Alert! INC153074 - OAuth/2SV Login Unavailable
Incident Report for Central 1
Postmortem

Postmortem: RSA OAuth and 2SV Recent Degradation | INC153074

Central 1’s RSA service which is used for our Increased Authentication and 2SV services experienced degradation on January 21st for 49 minutes (INC152479), February 1st for 2 hours and 11 minutes (INC152835) and February 7th for 51 minutes (INC153074). During service degradation, features reliant on the RSA risk score and/or requiring the RSA database for decision-making were unavailable. The impact to members was:

  • The fail-open configuration allows members to login without RSA service, therefore there was no availability impact for desktop login fail open clients. This would mean high risk scores would not be prompted for step up authentication during this time.
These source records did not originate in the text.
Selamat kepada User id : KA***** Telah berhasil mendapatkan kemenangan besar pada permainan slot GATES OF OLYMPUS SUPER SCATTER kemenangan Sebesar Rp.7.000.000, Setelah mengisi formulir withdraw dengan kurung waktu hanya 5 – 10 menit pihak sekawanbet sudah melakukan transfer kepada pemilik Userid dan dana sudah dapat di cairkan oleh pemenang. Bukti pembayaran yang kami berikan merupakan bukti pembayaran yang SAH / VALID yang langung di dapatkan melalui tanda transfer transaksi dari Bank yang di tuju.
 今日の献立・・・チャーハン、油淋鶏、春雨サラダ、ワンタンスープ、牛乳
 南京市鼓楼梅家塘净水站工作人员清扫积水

Clients configured to fail closed would not have been able to login to Online banking.
  • Other services dependent on the risk scoring would have been impacted as follows: 

    • Primary impacts are to e-Transfers (v3.4), where we experienced a 90% outage on send and add contact functions. e-Transfer receive was not impacted and e-Transfers for Business (v3.5) was not impacted during the service degradation.
    • Bill Payments experienced a 60% degradation in sending bill payments. The impacts to bill payments were specifically on payments to high-risk billers (like credit cards which are scored).
    • Biometric login experienced an outage, although members could have completed an intuitive non-biometric login.
    • Transactional step-up customers would have had e-Transfer and Bill Payments failing with members receiving an error message.
    • Forge 2.0 customers would have had their left-hand navigation failing as there is a dependent call to the RSA database required to ensure the proper configuration for the navigation loads. 
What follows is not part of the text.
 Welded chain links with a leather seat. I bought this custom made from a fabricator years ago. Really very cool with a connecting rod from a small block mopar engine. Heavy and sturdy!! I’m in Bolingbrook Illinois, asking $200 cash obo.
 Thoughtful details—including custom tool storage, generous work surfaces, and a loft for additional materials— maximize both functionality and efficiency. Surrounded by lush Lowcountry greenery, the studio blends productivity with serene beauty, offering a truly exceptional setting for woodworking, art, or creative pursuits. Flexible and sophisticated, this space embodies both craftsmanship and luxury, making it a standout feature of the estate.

Known point of failure: The RSA database receives weekly index maintenance to optimize database performance. This job runs on Saturdays starting at 1:30 a.m. PT (4:30 a.m. ET). This job typically takes 4 to 5 hours to complete, and it does not interrupt production. On Saturday January 21st, the job did not finish until 7:55 a.m. (10:55 a.m. ET), taking 6 hours 24 min to complete. In review of the incident, our database administration team determined there was a collision of our indexing job and another maintenance job that was scheduled to run between 7:05 to 7:55 a.m. PT (10:05 to 10:55 a.m. ET). The second job (to update statistics) caused a block for records into the database, preventing scoring services to work. The extended indexing job has been slowly increasing in duration over time as the database has been increasing in size. It does have data purged after 13 months, but with the increase of 2SV adoption, and the increased volume of brute force attacks (which creates records) the table has grown large enough that a review for optimization needs to be completed with our vendor. 
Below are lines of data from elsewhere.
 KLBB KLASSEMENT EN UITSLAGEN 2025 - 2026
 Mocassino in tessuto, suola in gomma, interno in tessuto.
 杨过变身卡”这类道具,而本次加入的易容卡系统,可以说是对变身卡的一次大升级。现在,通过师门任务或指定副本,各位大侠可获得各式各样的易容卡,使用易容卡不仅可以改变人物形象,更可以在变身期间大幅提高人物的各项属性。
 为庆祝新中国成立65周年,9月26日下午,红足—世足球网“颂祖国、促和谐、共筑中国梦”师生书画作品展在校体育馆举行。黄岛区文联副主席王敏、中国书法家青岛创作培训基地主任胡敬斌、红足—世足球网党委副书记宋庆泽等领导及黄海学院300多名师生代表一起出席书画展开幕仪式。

On February 1st and 7th, the point of failure has been attributed to an application threading problem caused by a Drools bug. Drools provides our decision engine processing rules. Our current version has a known bug that can cause database connection pools to become locked (not closing connections). When connections to the database reaches 100% it prevents the service from performing service requests. To help mitigate this problem Central 1 has added 4 additional production RSA (MDAuth) servers which will this reduce the chance of the threading issue recurring. Our long-term solution is an RSA and Drools version upgrade (CHG131855 | SVM-2612).

 Central 1 is also implementing Dynatrace in QA on the new production servers to help improve our monitoring and proactive triage of errors.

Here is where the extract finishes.